正しさを越えて
マタイによる福音書 1章18~25節
降臨節も4週目に入り、ろうそくが4本に灯りました。いよいよクリスマスですね。今日の福音書はイエスの誕生、特に父であったヨセフにスポットが当たっています。
父ヨセフは「正しい人」であったと記されています。実はこれは結構大事なことで、この時代にわざわざ「正しい」と書かれているということは、きちんと律法を守ろうと考えていて、その通り実践することができていたということだからです。実際貧しい人たちの間で、律法というのは「守ろうとしても守ることができないもの」として存在していたわけですから、ヨセフが「正しく」あったというのは実にすごいことであったわけです。
さて、そのヨセフはマリアのことで逡巡することになるわけです。それは、マリアが結婚前に妊娠いるらしいということがわかったからで、しかも自分には心当たりがないわけです。だから、「表ざたにするのを望まず、ひそかに離縁しようと決心した」のですね。しかしそこに現れたのが主の天使です。ヨセフに対して「マリアを妻に迎えるように」と命じます。ヨセフに対して、今まで維持してきた「正しさ」を曲げるように諭すわけです。一方で天使は「別の理由」をヨセフに告げます。すなわち「マリアに宿った子どもは聖霊の働きによるのであり、神の子である」「だからそれを優先するほうが正しい」ということです。「あなたは「正しい」ままです」ということを伝えているのですね。「正しさ」から「正しさを越えた正しさ」への飛躍がそこにはあるのです。
夢の中での出来事と書かれていますが、普通、こんなことがあったら迷いませんか。どうしたって、疑いや迷いが出てきたしまうものだと思います。ヨセフも実際は大いに迷ったのではないかと思うのです。そして、いくら主の天使のお告げであっても、信用できないと思ったり、断るという選択をしてもいいと思うのです。しかしヨセフはマリアを迎え入れることを選び、イエスは無事に誕生することになりました。
「正しさ」というのは、とても大切なものです。しかし一方で、人間同士の関係の難しさは、その「正しさ」が衝突してしまうことにあります。自分にとってそれが正しくても、相手にとってそうとは限らないからです。「唯一絶対の正しさ」というものは存在しないとわたしは思っています。もしそれがあるとするなら、それこそが「神さま」だからです。

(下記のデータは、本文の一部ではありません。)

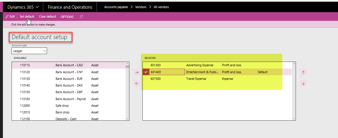 - An organization will often post to 2 or 3 accounts when posting vendor invoices that are not supported by a purchase order. Dynamics 365 allows the organization to attach these default accounts to the vendor record and even specify one account as the overall default to be used.

ヨセフはイエスの誕生の際にとても重要な役割を果たしています。それはもちろん、ベツレヘムに向かって旅をする間、母マリアを守り、誕生してからは成長するまで見守ることであったわけです。しかしもう一つ大事なのは、ここでマリアを迎え入れる決断をしたことです。ヨセフがもし、自分の律法的な正しさにこだわってマリアを離縁していたとしたら、クリスマスの物語はもっと違ったものになっていたでしょう。ベツレヘムへの旅も、馬小屋での誕生も、すべてヨセフあってのことなのだと思います。ヨセフが「正しさを越える」という決断をしなければ、今の教会は無かったかもしれません。だからこそ、教会は時にその「正しさ」を越えていくことができなくてはならないのだと思います。繰り返して言いますが、律法によればマリアは離縁されていたはずです。しかしヨセフがその「正しさ」を越えて新しい正しさを見出したことから、教会は始まっているのです。わたしたちがこの釧路で宣教するのにあたって、自分たちの持つ今までの「正しさ」をどこかで越えて、新しい正しさを見出していくことが必要になってくるでしょう。でも、そこで恐れることはありません。その時は神さまが、ヨセフにお告げをしたように教えてくれるはずです。主に導かれて、これからも神さまと共に、正しさを越えて進んでいきたいと願っています。